## [Data section]
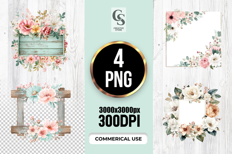 4 Watercolor Floral Wooden Frame Clipart Sublimation PNG Files Perfect for Greeting Cards, Invitations, Junk Journal, Party Decor, Scrapbooking and many other craft projects.
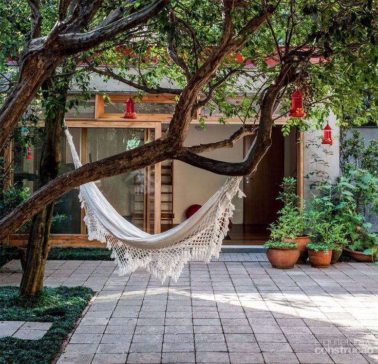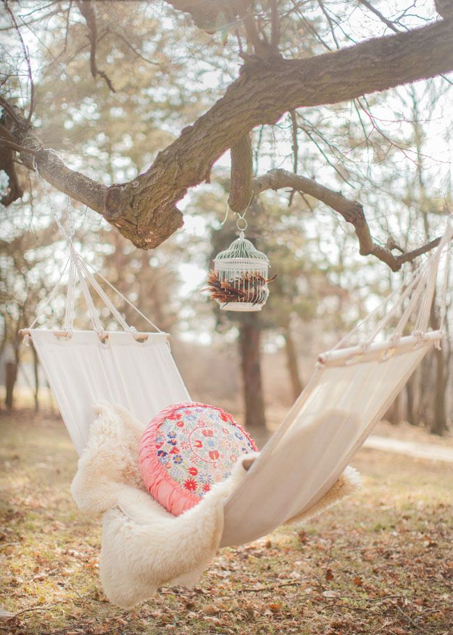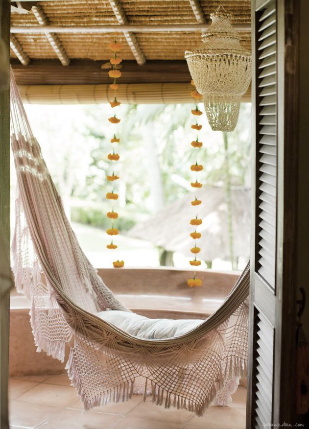 10. Estilo Campestre. No meio das árvores, a rede tradicional, de tecido de algodão na tonalidade cru, é um convite irrecusável a uma boa soneca.
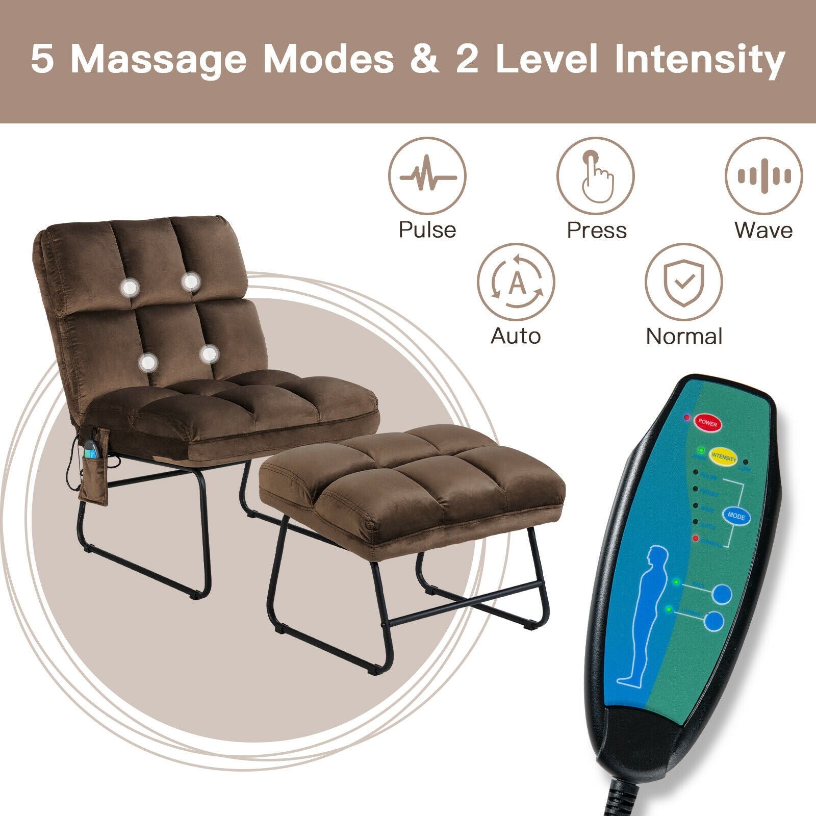 Massage Chair Velvet Accent Sofa Chair with Ottoman and Remote Control-Brown

## [What you are asked to do]
Using the listing above, copy every line from the line containing "10. Estilo Campestre." through the last one, both included, and no other lines. Pictures stay out.

## [Output below]
 10. Estilo Campestre. No meio das árvores, a rede tradicional, de tecido de algodão na tonalidade cru, é um convite irrecusável a uma boa soneca.
 Massage Chair Velvet Accent Sofa Chair with Ottoman and Remote Control-Brown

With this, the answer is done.